# Babies! WNT Krakatoa x EVLV Brahman NEW PICS



## Rhasputin (Feb 21, 2010)

Veeeery good looking bubs! I expect great things from these guys.  
Born on the 14th.
Here are the ones I left with mom, Krakatoa. One tri, 3 HEAVY splashes, and 1 BEW? It's possible that it's a really really light splash, but I don't think so with how heavy the other splashes are. :? 
I'm not 100% sure what it is, but it'll be much more obvious once the fur comes in.  









Turns out the dad DID carry recessive spotting, but that's okay, as I got several heavy splashes (hopefully one or more is a girl) which is what I want!

Here is the rest of the litter, which I fostered out to another mom, just because I didn't want to euthanize them, and happened to have several mothers who were good for fostering. 








They're all a little smaller than the rest of the litter, but they'll make someone some lovely pets. 

Here are some ASF pups, just to keep your attentions. 









Yay!


----------



## Roland (Aug 17, 2009)

Rhasputin said:


> Veeeery good looking bubs!

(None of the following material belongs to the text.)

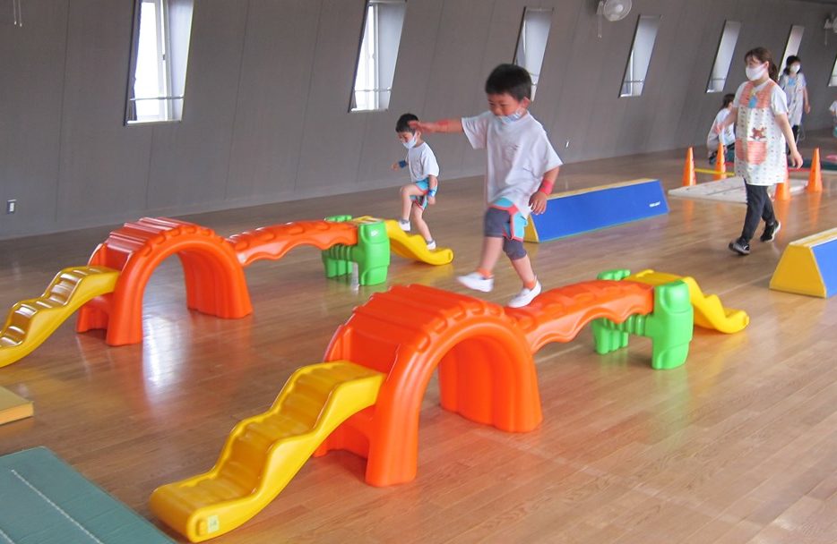 平均台では「ちょっと怖いな~」と恐る恐る渡っていたけれど「手を広げながらバランスを取ってごらん!」のアドバイスに、「あ、できた!」あきらめないで渡っていくみんな。

I expect great things from these guys.
> Born on the 14th.
> Yay!


Wow! Great! Congratulations! Your mice would really be able to compete against mine. Keep on the good work. 
Unfortunately there is the pond between us...

Best regards, Roland
Chilloutarea Mousery - Tricolor , Splashed , Merle , Recessive Red
The place where science meets fun!


----------



## Rhasputin (Feb 21, 2010)

That is a huge compliment Roland! Thank you very much!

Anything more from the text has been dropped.